--- Required action ---
Restate the full listing word for word and leave the pictures out.

--- Supplied data ---
== == ==

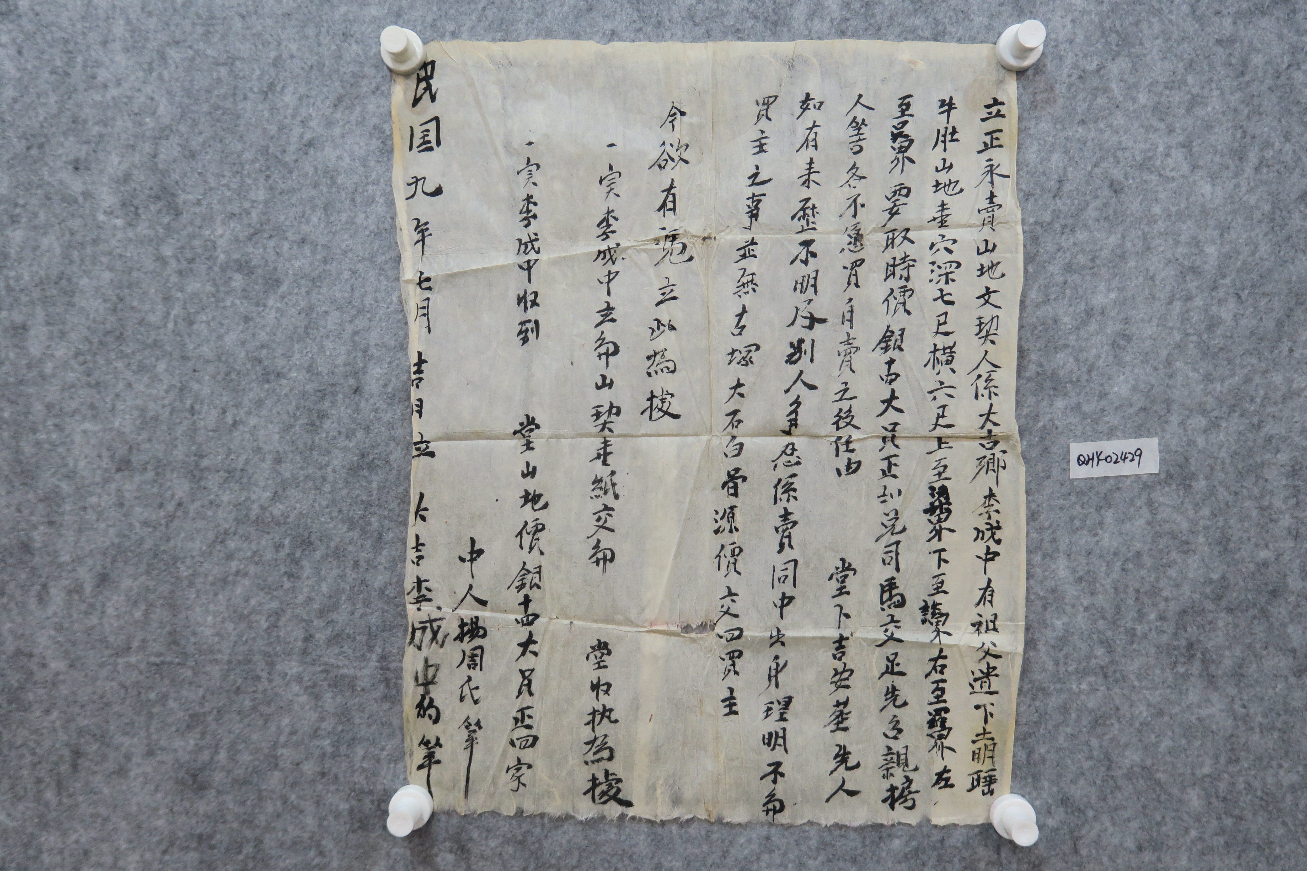 中华民国九年永卖睡牛肚山地契纸
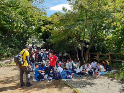 12時を過ぎた頃、ようやく高尾山の山頂に到着。クラス写真をとったあと、木陰でランチタイム。
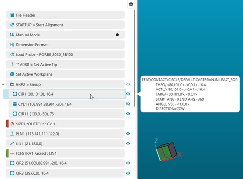 In Summary mode, PC-DMIS displays an icon that indicates the execution status. For more information, see "Marking and Unmarking Commands in Summary Mode".

== == ==

--- Result ---
 中华民国九年永卖睡牛肚山地契纸
 12時を過ぎた頃、ようやく高尾山の山頂に到着。クラス写真をとったあと、木陰でランチタイム。
 In Summary mode, PC-DMIS displays an icon that indicates the execution status. For more information, see "Marking and Unmarking Commands in Summary Mode".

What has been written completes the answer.